* _What this task involves_
Leaving out all pictures, give again each line exactly, from the start of the listing through the line that contains "Set de 12 brose".

* _Material for this exercise_

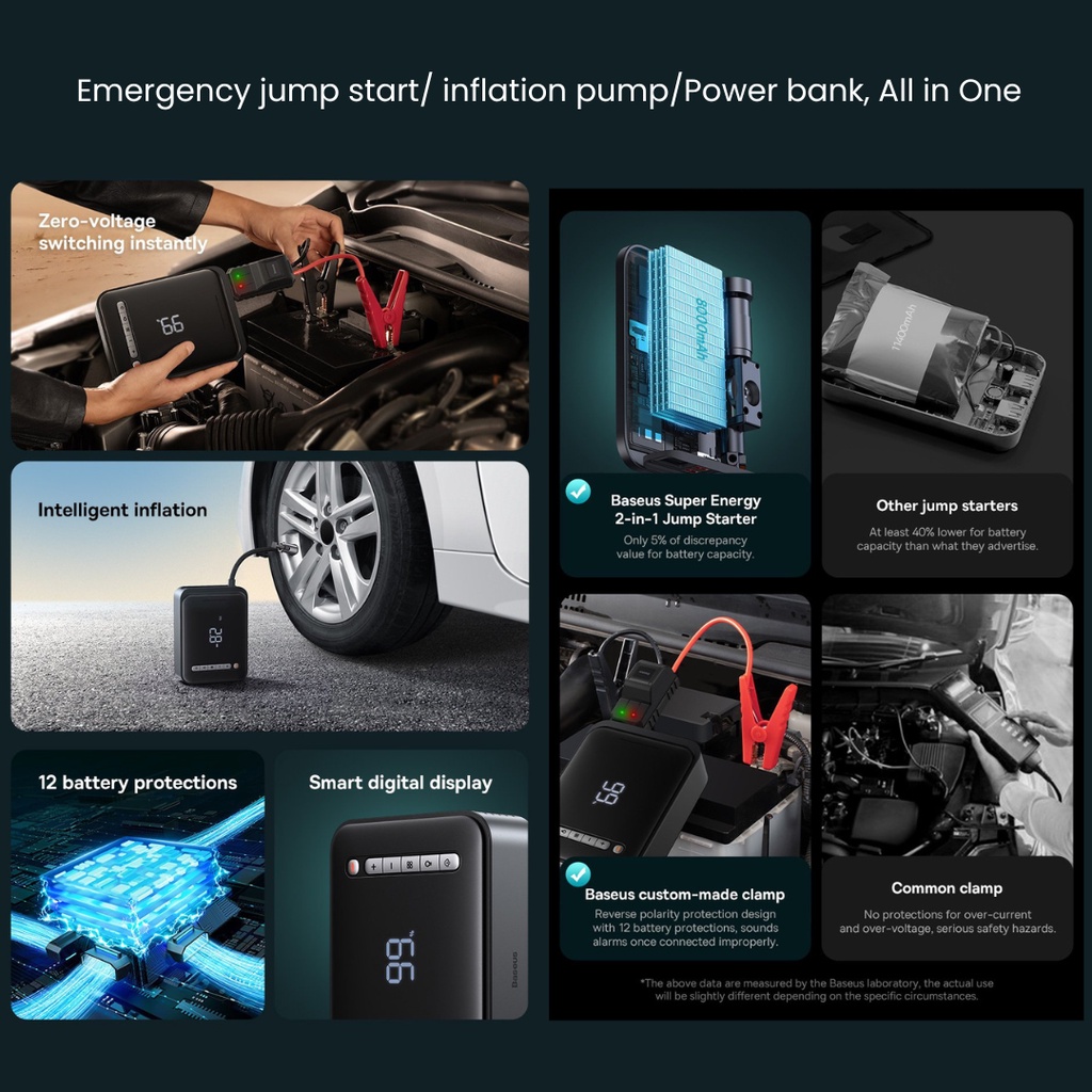 Baseus 1000A Portable Power Station 2 in 1 Car Jump Starter Powerbank Air Compressor Inflator Pump Car Battery Charger Booster - 8000 mAh
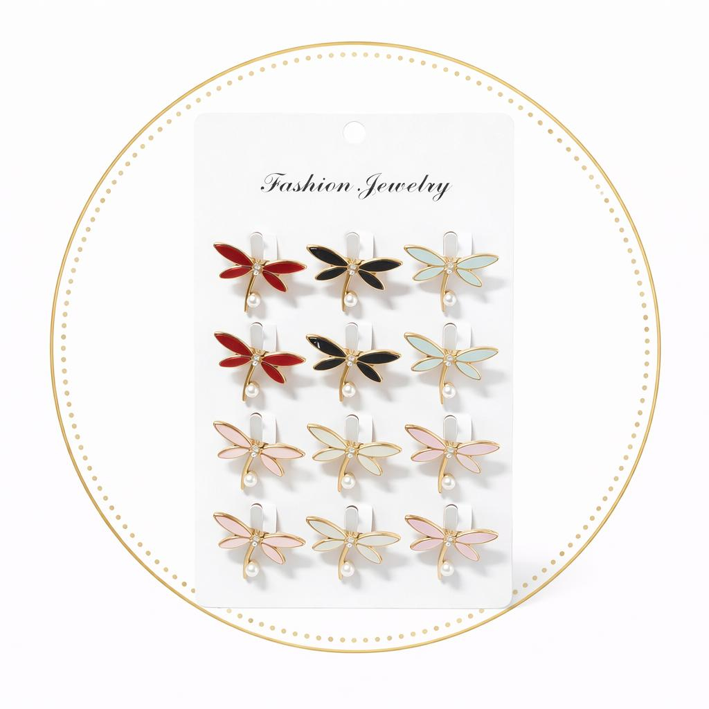 Set de 12 brose martisor cu model libelula, simbol al echilibrului, transformarii si sperantei. Libelula este asociata cu adaptabilitatea, claritatea si energia pozitiva, fiind un simbol potrivit pentru inceputul primaverii si al noilor etape.
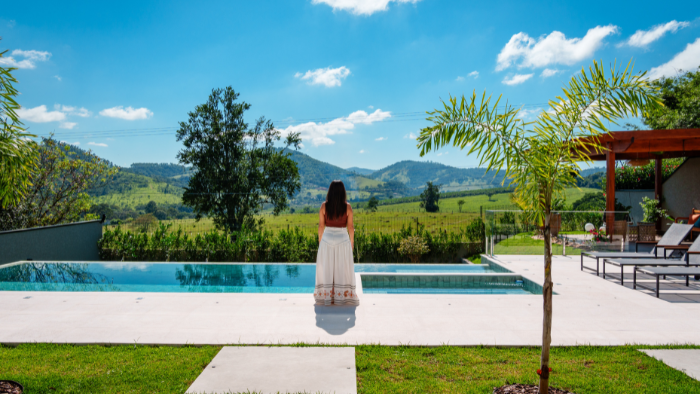 e integração com a natureza ao redor da casa, destacando a arquitetura contemporânea
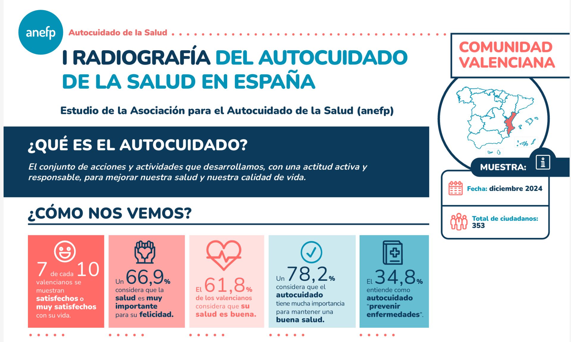 Con motivo del Día de la Comunidad Valenciana, la Asociación para el Autocuidado de la Salud (anefp) ha presentado los resultados de la I Radiografía del Autocuidado de la Salud en España, un estudio que analiza los hábitos y percepciones de los ciudadanos en materia de bienestar físico, mental y social.
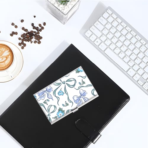 Business Card Holder, Stainless Steel Card Case, Metal Men's and Women's Business Card Case, Cute Buckle Style Card Holder, Wallet Credit ID Case for Office Blue Bows 4
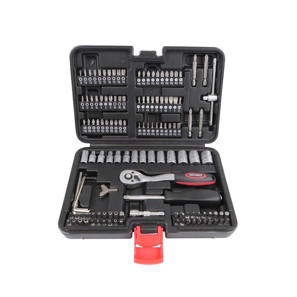 Jeu de douilles professionnelles 1/4 en acier vanadium poli et chromé. Le jeu contient 130 outils et est conforme aux normes DIN.
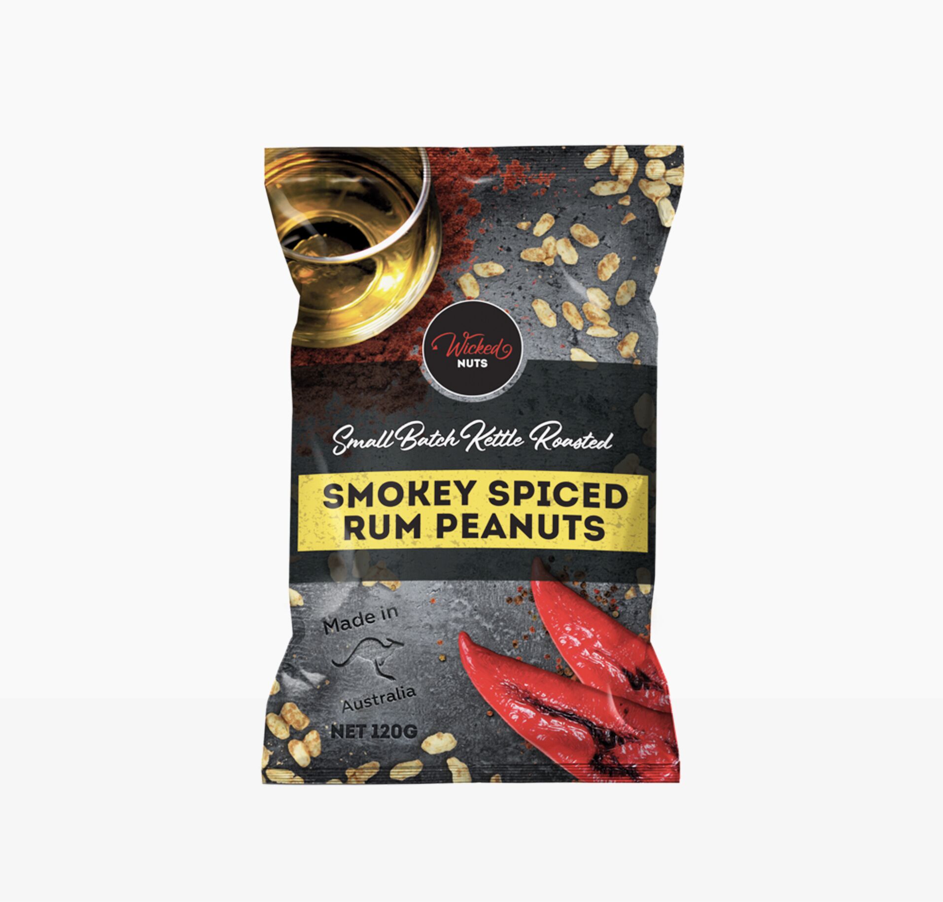 Wicked Nuts Smokey Spiced Rum Peanuts. A little smokey and a little chilli bite. Kettle roasted in small batches with the unmissable flavour of Spiced Rum makes for a highly addictive taste experience.

* _Solved problem_
 Baseus 1000A Portable Power Station 2 in 1 Car Jump Starter Powerbank Air Compressor Inflator Pump Car Battery Charger Booster - 8000 mAh
 Set de 12 brose martisor cu model libelula, simbol al echilibrului, transformarii si sperantei. Libelula este asociata cu adaptabilitatea, claritatea si energia pozitiva, fiind un simbol potrivit pentru inceputul primaverii si al noilor etape.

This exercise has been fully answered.